In another version he was living an ordinary life in his ‘villa,’ not in a penitential cell, when the king’s daughter lost her way at the hunt. After the crime he was seized with compunction, and went out into the Campagna, living only on the herbs he could gather with his mouth, like an animal, and vowing that he would never again raise his head to Heaven till God gave him some token that He had forgiven him.
After eight years the king found him when out hunting, and, taking him for some kind of beast, put him in the stables. The little prince who was just born was taken by to the church to be baptised about this time; and, as they carried him back past the stables, he said aloud, ‘Rise, Giovanni, for God hath forgiven thy sins.’ Every one was very much astonished to hear him speak, and they sent for Giovanni and asked him to explain what it meant.
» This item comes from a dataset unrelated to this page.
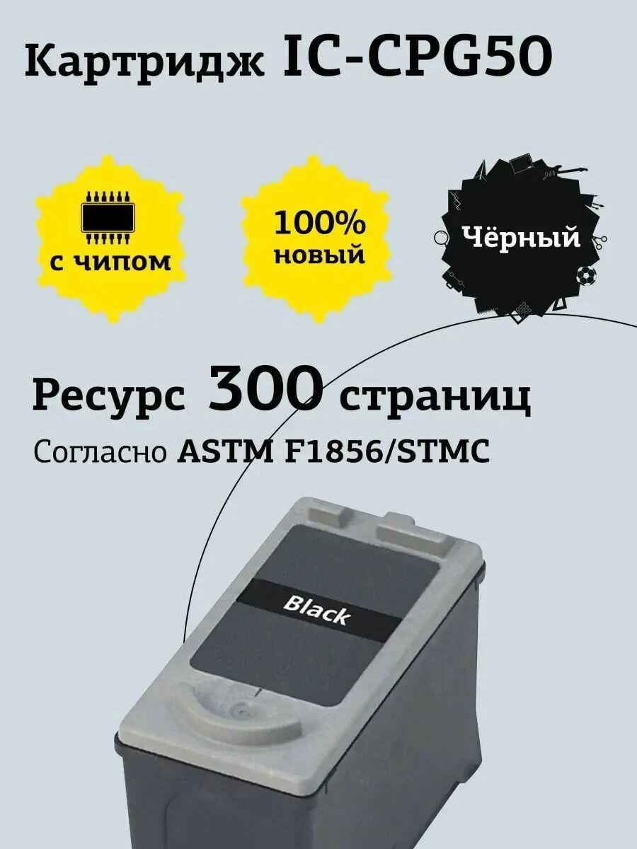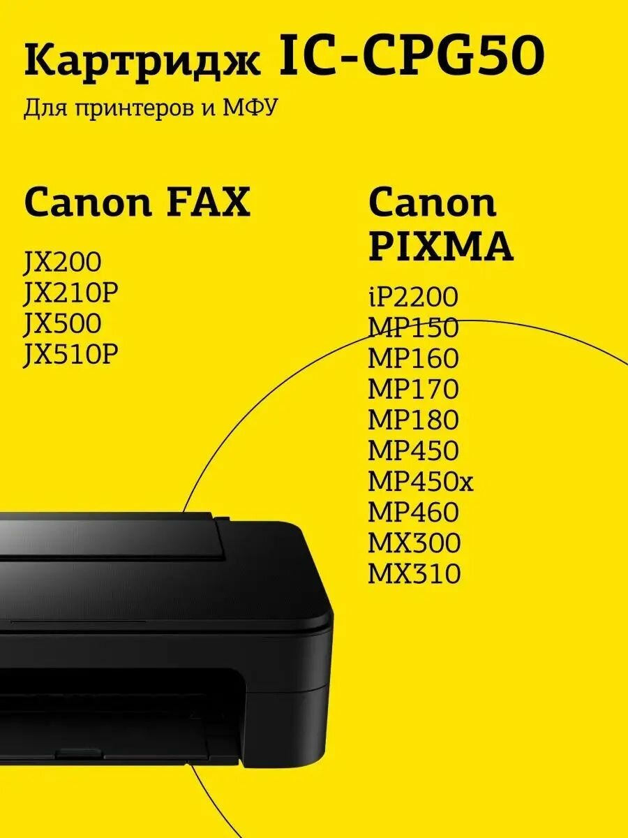 IC-CPG50 Картридж для Canon PIXMA iP2200, MP150, 450, 460, MX300, 310, FAX-JX200, 210P, 500, 510P, черный

The rest as in the other versions.
[I have repeatedly come across this story, but without any material variation from one or other of the versions already given. It would be curious to trace how St. John Chrysostom’s name ever became connected with it. Though famous for his penitential life as much as for his eloquence, and though the four years he passed in the cells of the Antiochian cenobites were austere enough, yet his memory is stained by no sort of crime. So far from it, he was most carefully brought up by a widowed mother, whose exemplary virtues are said to have occasioned the exclamation from the Saint’s master, ‘What wonderful women have these Christians!’—Butler’s ‘Lives.’ There is something like its termination in that of ‘The Fiddler in Hell.’—Ralston’s ‘Russian Folk Tales,’ pp. 299, 300. The years of voluntary silence, and the finding of the silent person by a king out hunting, enter into many tales otherwise of another class, as in ‘Die Zwölf Brüder’ (the Twelve Brothers), Grimm, p. 37, and ‘Die Sechs Schwäne’ (the Six Swans), p. 191.]
DON GIOVANNI.
We had another Giovanni who had done worse things even than these, and who never became a penitent at all. Don Giovanni he was called. Everybody in Rome knew him by the name of Don Giovanni.
Among the other bad things he did, he killed a great man who was called the Commendatore; and though he had the crime of murder on his conscience he took no account of it, but swaggered about with an air of bravado as if he cared for no one.